Он происходил из зажиточной буржуазии западной части Франции, из семьи чиновников Империи и Нравственного Порядка*, уже сорок лет замкнувшейся в злобе бесплодной оппозиции. В департаменте Шарант у него было имение, в котором он проводил лето; остальное время Воку жил в Париже. Жидковатая семья – обычное в его классе явление. Он направлял на нее и на себя инстинкты властвования, которым не находил применения в жизни. Самообуздание придало им деспотический характер. Он тиранил своих родных, не подозревая об этом. Считал свою власть неоспоримым правом и обязанностью. Слово "терпимость" было для него бессмыслицей. Он не мог ошибаться.
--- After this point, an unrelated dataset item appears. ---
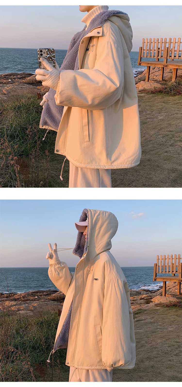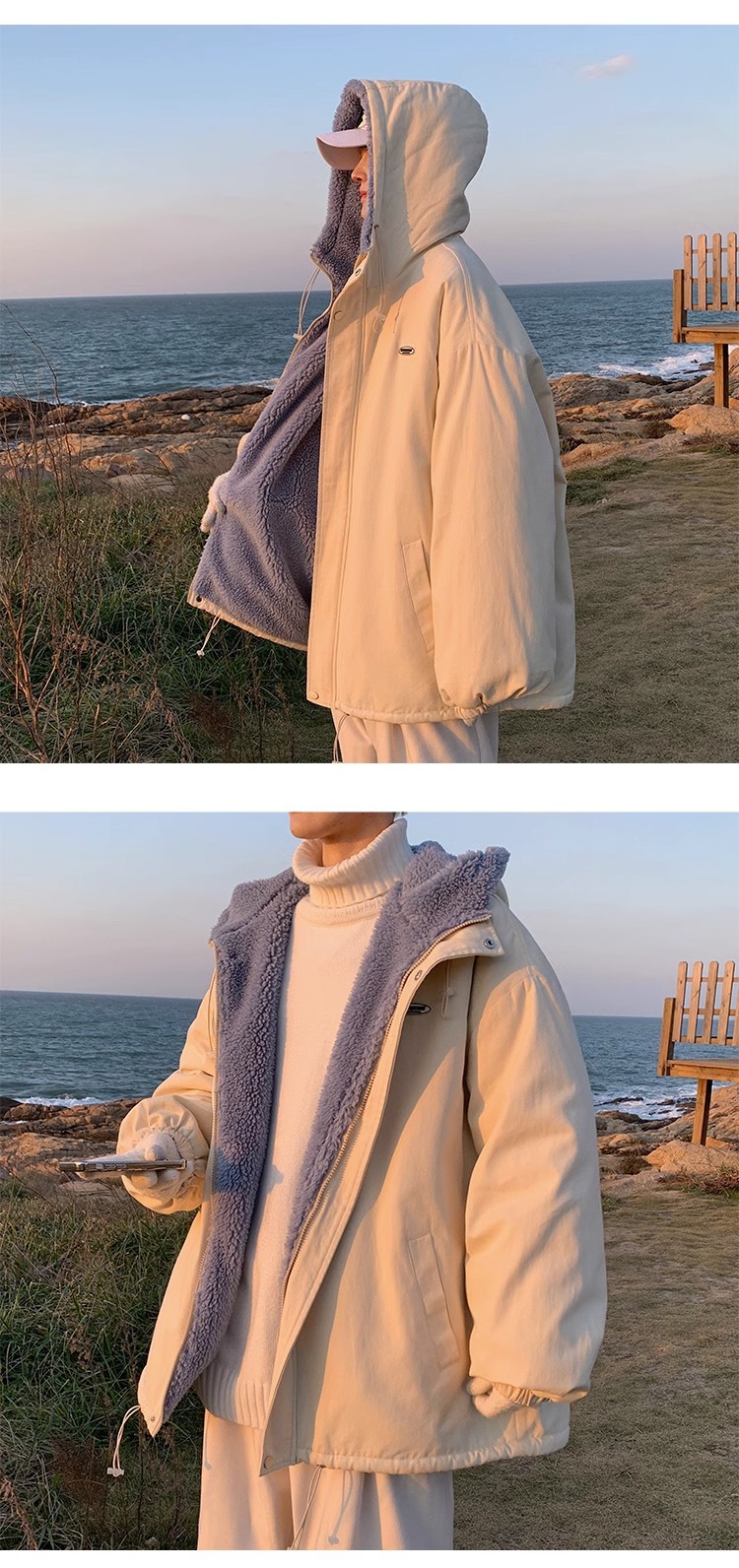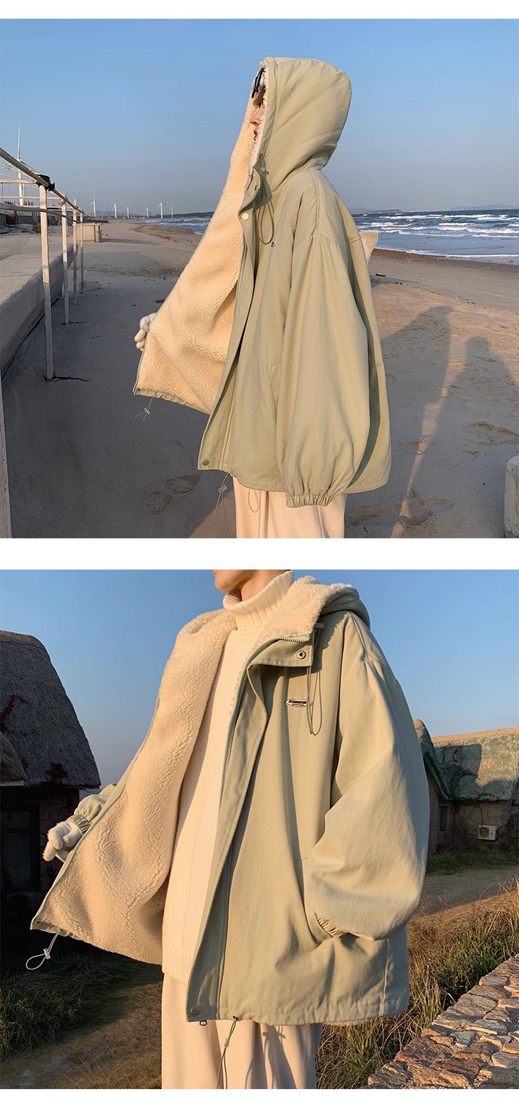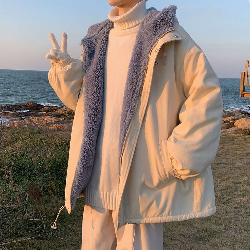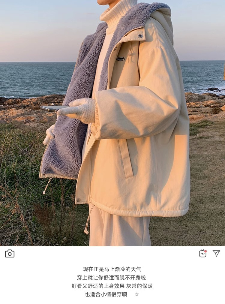 가을 겨울 후드 셰르파 코튼 코트 루즈한 한국 스타일 트렌디 다재다능한 캐주얼 핸섬 학생 bf 홍콩 스타일 패션 트렌드

А между тем Воку был человек умный, с большой нравственной энергией, – даже сердечный, но весь обросший заболонью, как старый узловатый ствол. Лишенные выхода наружу, силы его конденсировались внутри. Он ничего не поглощал извне. Когда он читал, когда путешествовал, то смотрел в книгу и на природу враждебными глазами, мечтая только о том, чтобы поскорей приехать домой. Ничто не пробивало кору; вся жизнь притекала к нему снизу, из земли: от Мертвецов.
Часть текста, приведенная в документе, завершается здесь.